EXERCISE AIM :: Everything in the listing below except the pictures should be reproduced exactly.

EXERCISE INPUTS ::
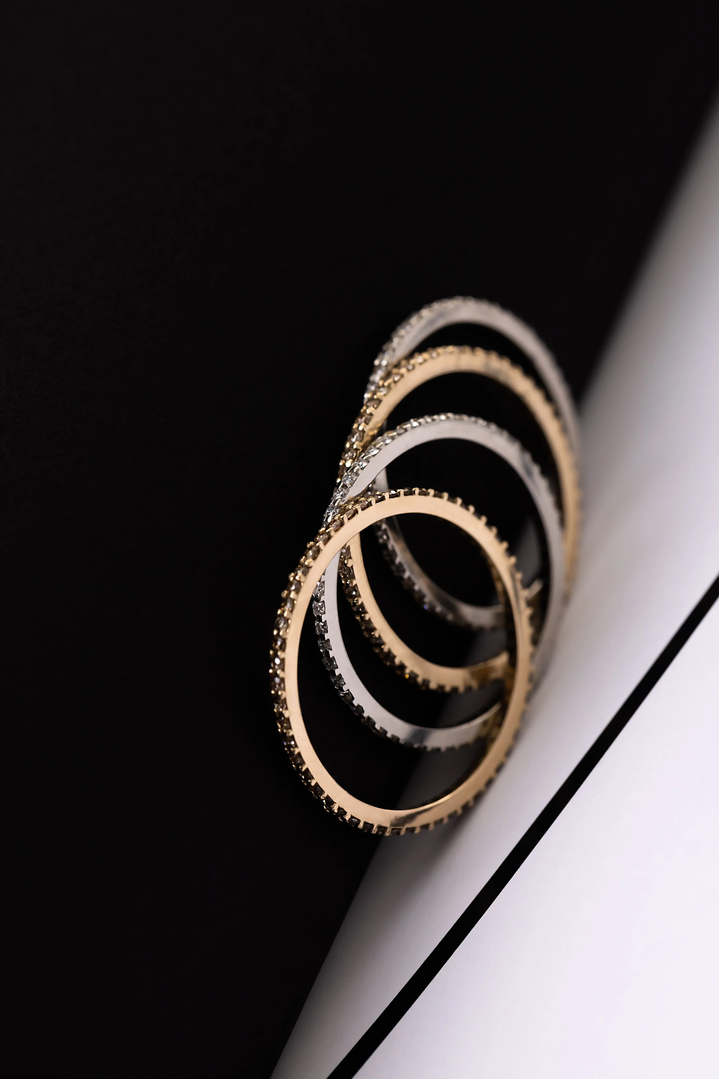 Black and white photo featuring silver jewelry including rings and hoop earrings placed on black and white printed portraits of a person.
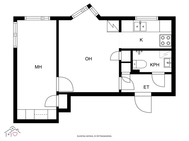 - Siisti osittain alkuperäiskuntoinen asunto, kylpyhuone jälkeenpäin saneerattu (ei tietoa uusimisvuodesta).
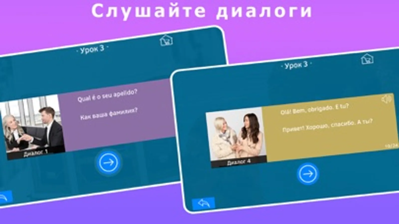 В Gloss нет никаких скучных правил. Просто учитесь слушать, запоминайте слова, фразы и диалоги для быстрого интегрирования в Португалии.
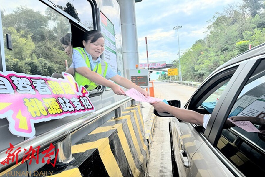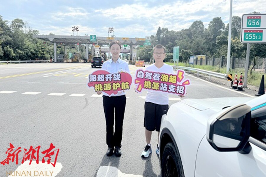 9月12日,在湖南高速集团常德分公司桃源中心收费站, “路灯” 志愿者举 着 “湘超开战 桃源护航 ” 的粉色手牌,热情地为自驾前往郴州观赛的陈先生指引方向。陈先生笑着晃了晃手机里的赛事预告,眼里满是惊喜:“刚跟 女朋友 念叨常德队的粉袍好看,没想到收费站先玩起 了‘ 同款浪漫’,太出圈了!”
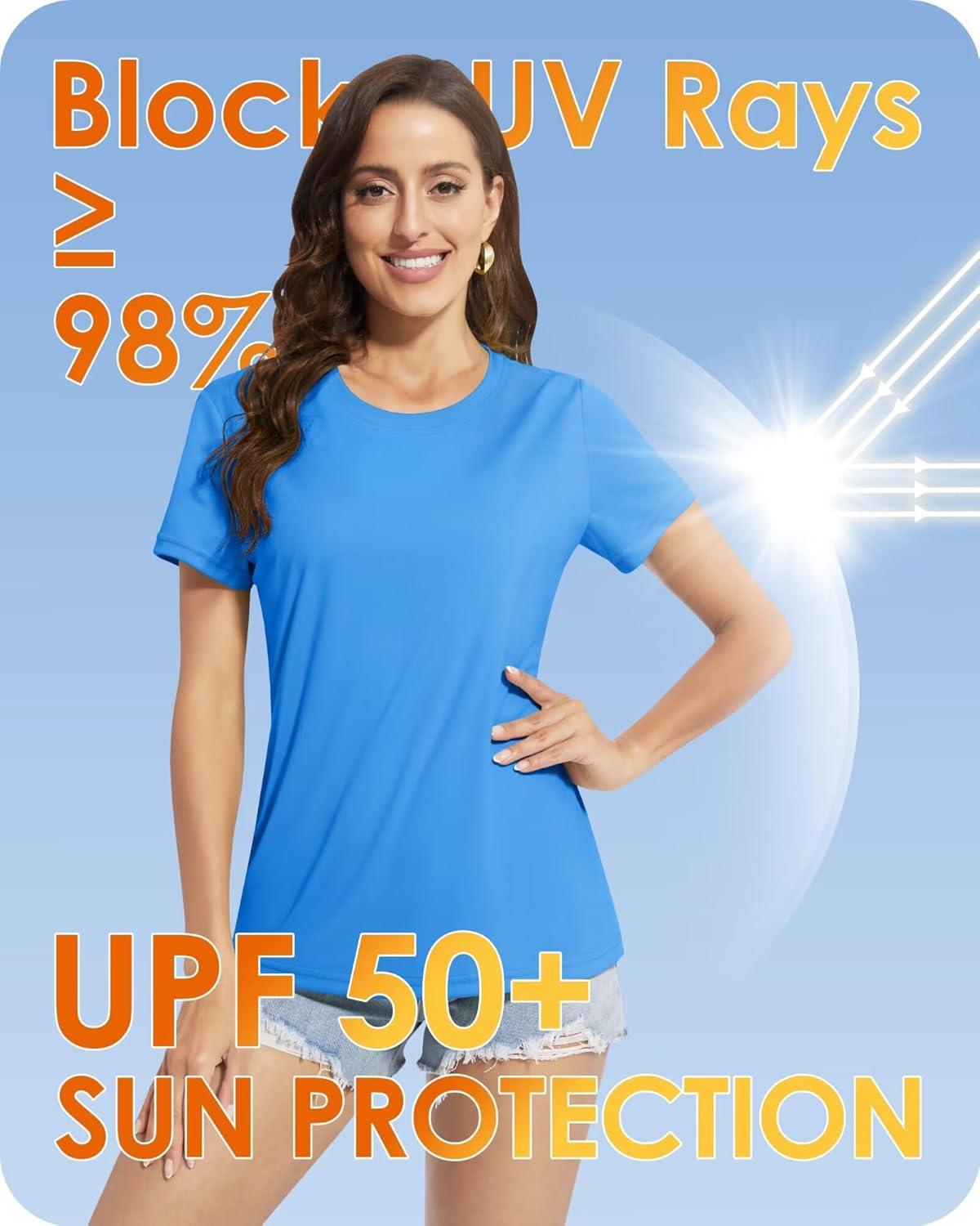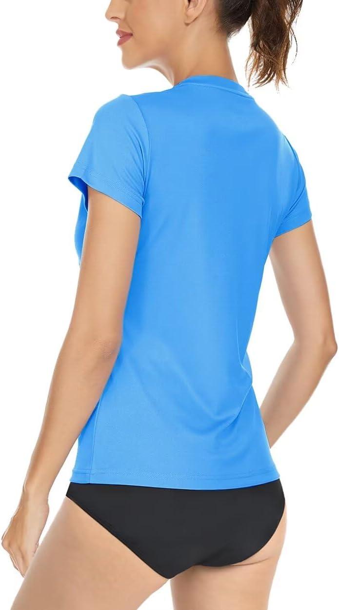 Boladeci Women's Sun Shirts UPF 50+ UV Protection Short Sleeve Rash Guard Quick Dry Lightweight Top T-Shirts Swim Shirts(Blue)
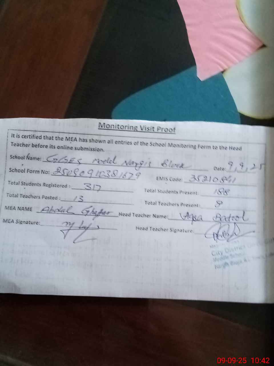 | EMIS Code: 35210841 | Name of School: GGES MODEL NARGIS BLOCK IQBAL TOWN (EX-MCL) | |||
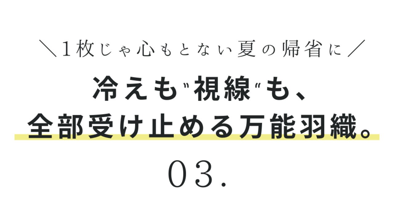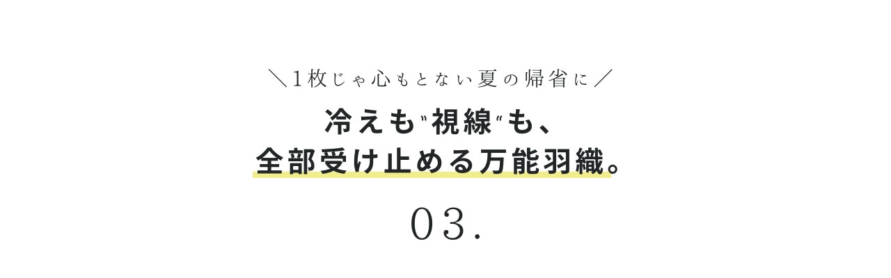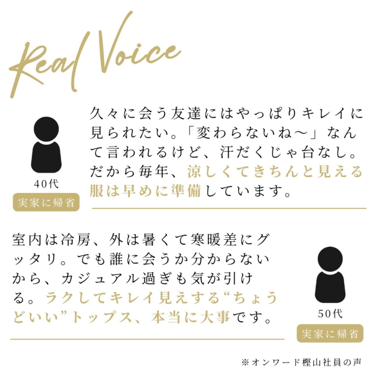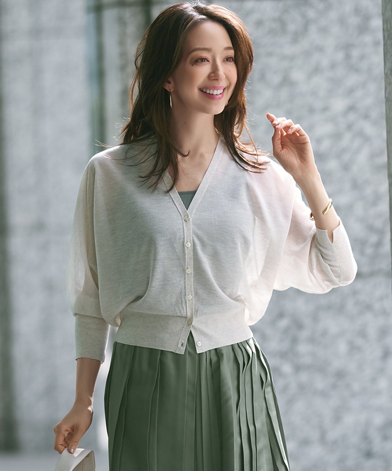 夏の帰省は、気温も予定もコロコロ変わるもの。そんな時に頼りになるのが、即羽織れるカーディガン。微光沢のシアー素材で、品よく今っぽい仕上がりに。通気性・吸湿性にも優れ、冷房の冷えもまとめてカバー。義両親や親戚の前でも安心して着られる、まさに帰省の“お守り”アイテム。

TASK ANSWER ::
 Black and white photo featuring silver jewelry including rings and hoop earrings placed on black and white printed portraits of a person.
 - Siisti osittain alkuperäiskuntoinen asunto, kylpyhuone jälkeenpäin saneerattu (ei tietoa uusimisvuodesta).
 В Gloss нет никаких скучных правил. Просто учитесь слушать, запоминайте слова, фразы и диалоги для быстрого интегрирования в Португалии.
 9月12日,在湖南高速集团常德分公司桃源中心收费站, “路灯” 志愿者举 着 “湘超开战 桃源护航 ” 的粉色手牌,热情地为自驾前往郴州观赛的陈先生指引方向。陈先生笑着晃了晃手机里的赛事预告,眼里满是惊喜:“刚跟 女朋友 念叨常德队的粉袍好看,没想到收费站先玩起 了‘ 同款浪漫’,太出圈了!”
 Boladeci Women's Sun Shirts UPF 50+ UV Protection Short Sleeve Rash Guard Quick Dry Lightweight Top T-Shirts Swim Shirts(Blue)
 | EMIS Code: 35210841 | Name of School: GGES MODEL NARGIS BLOCK IQBAL TOWN (EX-MCL) | |||
 夏の帰省は、気温も予定もコロコロ変わるもの。そんな時に頼りになるのが、即羽織れるカーディガン。微光沢のシアー素材で、品よく今っぽい仕上がりに。通気性・吸湿性にも優れ、冷房の冷えもまとめてカバー。義両親や親戚の前でも安心して着られる、まさに帰省の“お守り”アイテム。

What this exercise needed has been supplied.